Opinion

Storm erosion has been changing the geography of Nantucket for 18,000 years - ever since the end of the Ice Age when it was connected to Long Island via a long winding peninsula stretching northeastward from Montauk Point. Hurricanes, nor'easters, and other oceanic storms have for 18 millenia wrought their wrath on the peninsula's beaches and cliffs; and have succeeded in eroding away most of them except for Nantucket, Martha's Vineyard, and a few other smaller island vestiges.

Nantucket is a fragile remnant - made up of similar easily-eroded loose glacial deposits as had existed on the disappeared peninsula. However, the same beach and cliff erosion-protection techniques that help protect Long Island's coasts would also help on Nantucket.

Many wealthy people have summer homes on Nantucket. They've been shocked by recent increases in frequency and severity of storm erosion that is correlated with global warming. They're determined to maintain their pleasant summer lifestyle and to save Nantucket's eroding beaches, undercut cliffs, and houses that slide down the eroding cliffs. No governmental funds are available to slow Nantucket's erosion, so summer residents have put up $25 million in private funds to fight coastal erosion. They're ready to double that amount to avoid losing their idyllic Nantucket summers.

Two major erosion-protection methods recommended by their expensive coastal experts involve dredging sand from several miles offshore and pumping it through underwater pipes up to the beaches to replace the natural sand eroded by powerful storm-waves; and using sand bags piled atop each other at the base of cliffs to act as buffers to absorb the energy of giant storm-waves that pound and scour out loose glacial sediments along the cliff-base and undercuts the upper cliff sediments and summer homes above them.

These 2007 methods are identical to ones I suggested in the 1970s (along with removal of rock groins) to mitigate storm erosion on Westhampton Island beaches --- where the Corps of Engineers had planned to pump sand from dredge pits located only half-mile offshore, onto storm-eroded beaches. I told the corps that dredge-pits so close to the shore would cause sand from the beaches to slide into the water and back down into nearshore dredge pits-creating a Sisyphus situation where the corps pumps sand up to a beach, and gravity slides sand back into the pit. I recommended dredging from more than 2 miles offshore; and the corps acquiesced. This was the only time the corps ever accepted a suggestion from me.

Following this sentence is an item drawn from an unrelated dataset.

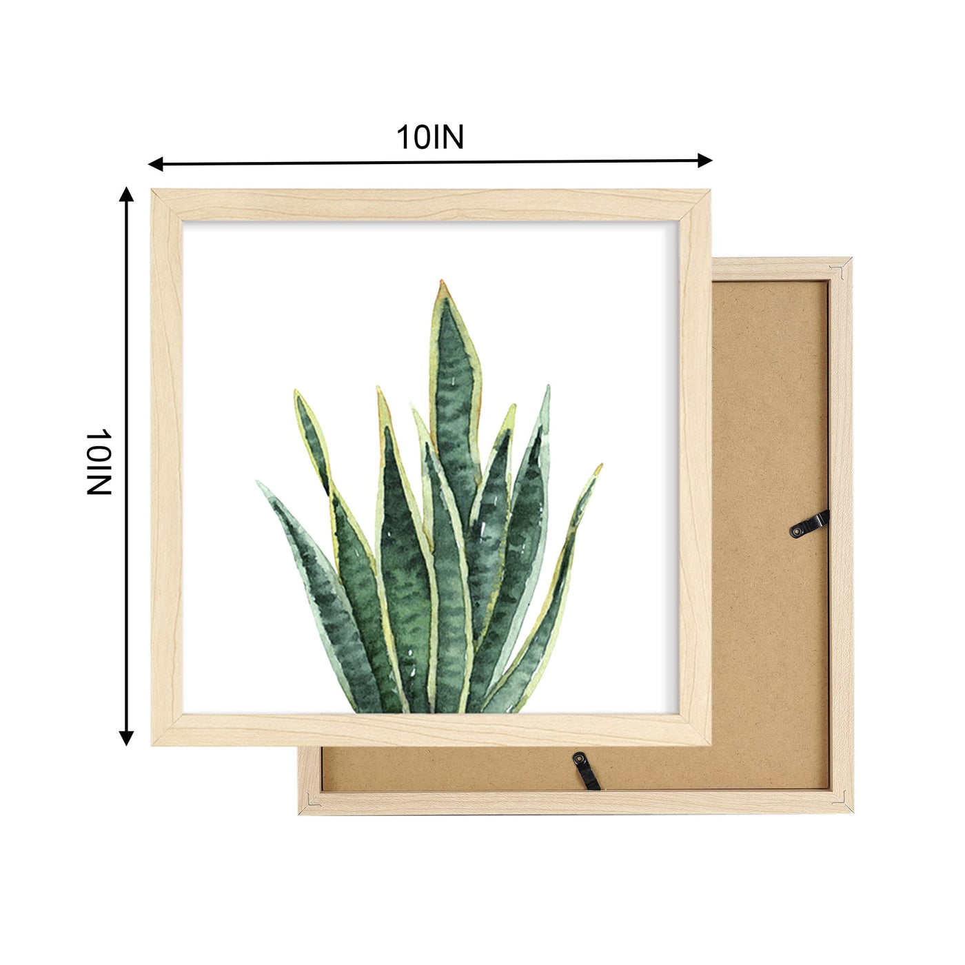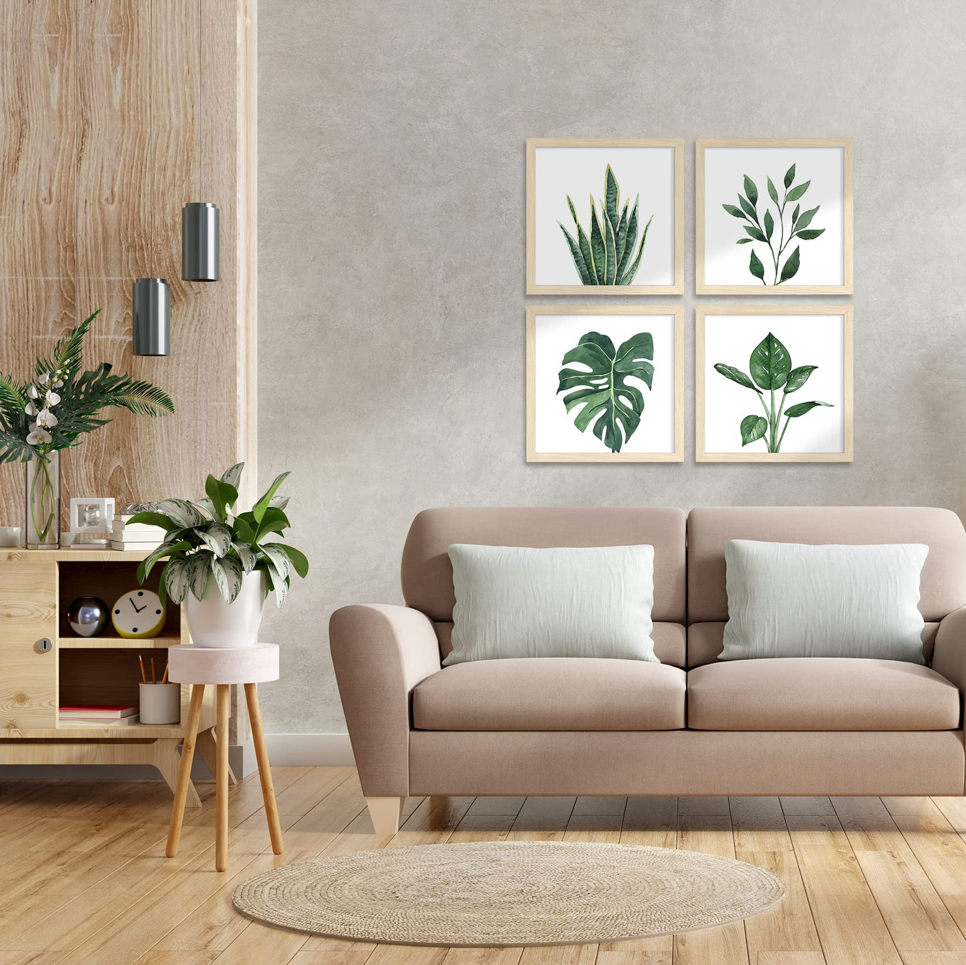 ArtbyHannah 10x10 Framed Bathroom Art Wall Collage Kit for Gallery Wall with Botanical Green Leaf Plant Prints and Natural Frames Set of 4
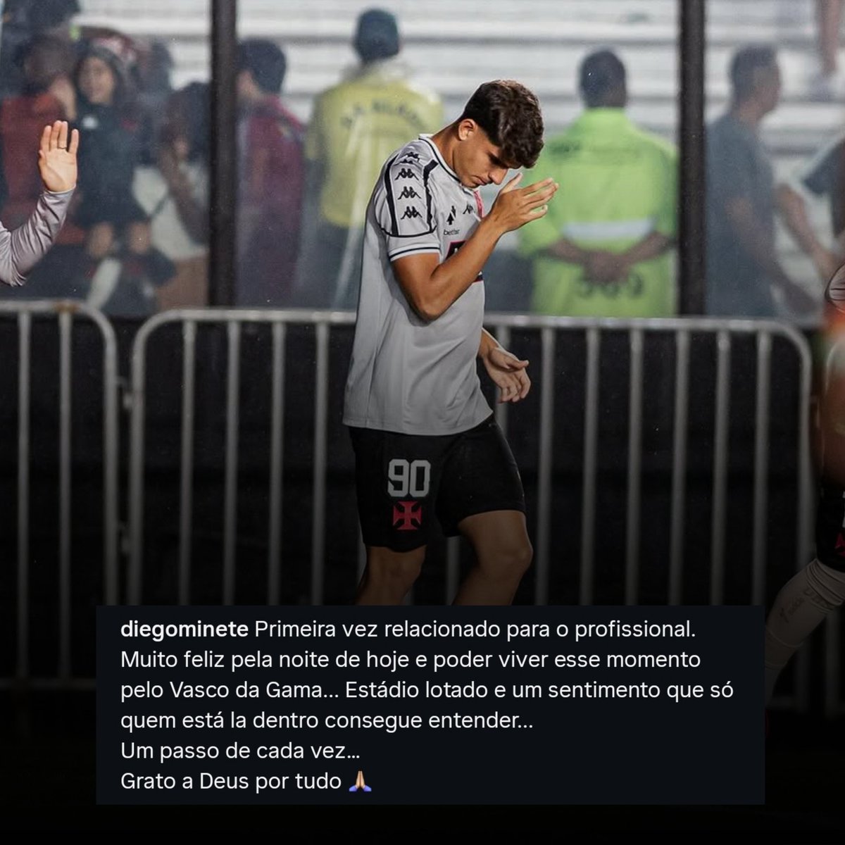 O cria Diego Minete celebrou a primeira relação ao time profissional no seu Instagram.

When a huge 1970's storm removed 20 feet of a cliff-base in Mattituck, I told friends with summer homes atop a cliff that they should pile sand bags at the base of the cliff and cover them with loose sand and beach grass, and leave them buried until a storm occurred that could erode the replaceable sandbags instead of the glacial sediments at the base of the cliff. Rather than follow the free advice they had requested, one couple lost their house when it tumbled down after the next big storm undercut its foundation; another couple spent thousands unnecessarily to move their house hundreds of feet back from the cliff, and a third couple divorced and moved away after they couldn't agree on whether to follow my suggestions. Sic transit free advice.